Two strip-decode tests that monkey-patched _reader_mod.ThreadPoolExecutor now patch concurrent.futures.ThreadPoolExecutor instead. The dispatch contract under test (parallel branch engages on multi-strip, sparse-only short-circuits) is unchanged; the patch location is an implementation detail that tracks the move.

No public API change.

@github-actions github-actions Bot added the performance PR touches performance-sensitive code label May 21, 2026
Copy link
Copy Markdown
Contributor Author

@brendancol brendancol left a comment

Choose a reason for hiding this comment

The reason will be displayed to describe this comment to others. Learn more.

PR Review: Refactor GeoTIFF Phase 5b, extract _decode.py from _reader.py

Blockers

None. The extraction is mechanical and behavior-preserving. All 5033 geotiff tests pass.

Suggestions

  1. xrspatial/geotiff/_decode.py lines 343-348 and 543-548: the lazy from ._reader import ... inside _read_strips / _read_tiles is a hidden runtime dependency on _reader.py. The module docstring already calls this a leaf module for transport-independent decode, but it doesn't say the module deliberately avoids a top-level _reader import to break a cycle. The inline comments are good; lifting that note into the docstring is a one-liner.

  2. xrspatial/geotiff/_decode.py lines 364 and 521: _read_strips / _read_tiles lost their max_pixels: int annotation when the signature became max_pixels=_MAX_PIXELS_UNSET. _resolve_max_pixels keeps the runtime behavior, but type checkers and IDEs no longer see the int.
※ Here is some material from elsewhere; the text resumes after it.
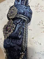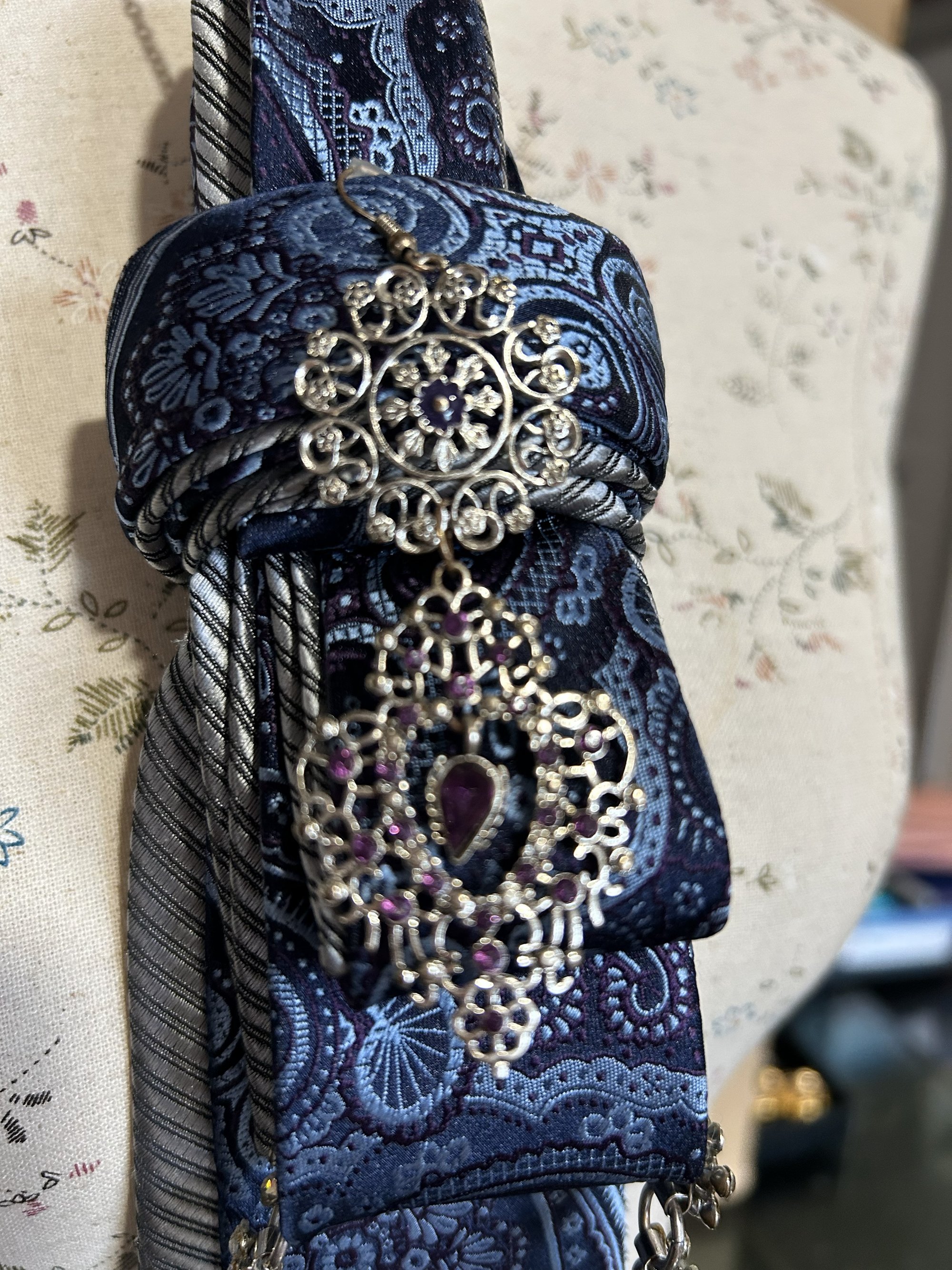 Elegant and richly detailed, Midnight Heirloom is a luxurious statement piece crafted from a deep navy paisley tie with layered textures and ornate silver-tone embellishments. Featuring intricate filigree accents, a purple gemstone focal point, and draped chain detailing, this piece evokes old-world charm with a modern edge.

The sentinel itself is the right shape given MAX_PIXELS_DEFAULT stays in _reader.py. Annotating max_pixels: int = ... (callers should still pass an int) restores the hint at zero cost.

  3. xrspatial/geotiff/_decode.py lines 478 and 678: the function-local from concurrent.futures import ThreadPoolExecutor is the seam tests now patch. The comment says so on the tile path. The strip path got the same comment but lost the #1551 issue cross-reference the tile path has. One-line fix.

Nits

  1. xrspatial/geotiff/_decode.py line 22: import os as _os_module mirrors the alias in _reader.py. There's no os shadow risk inside _decode.py, so plain import os would read fine here. Keeping the alias for grep continuity is also defensible.

  2. xrspatial/geotiff/tests/test_parallel_strip_decode_2100.py: a few patches still target _reader_mod._PARALLEL_DECODE_PIXEL_THRESHOLD. They work because the back-import binds at module load, but the canonical home is now _decode. Switching the patch target (or leaving a comment about why both work) avoids a future puzzle.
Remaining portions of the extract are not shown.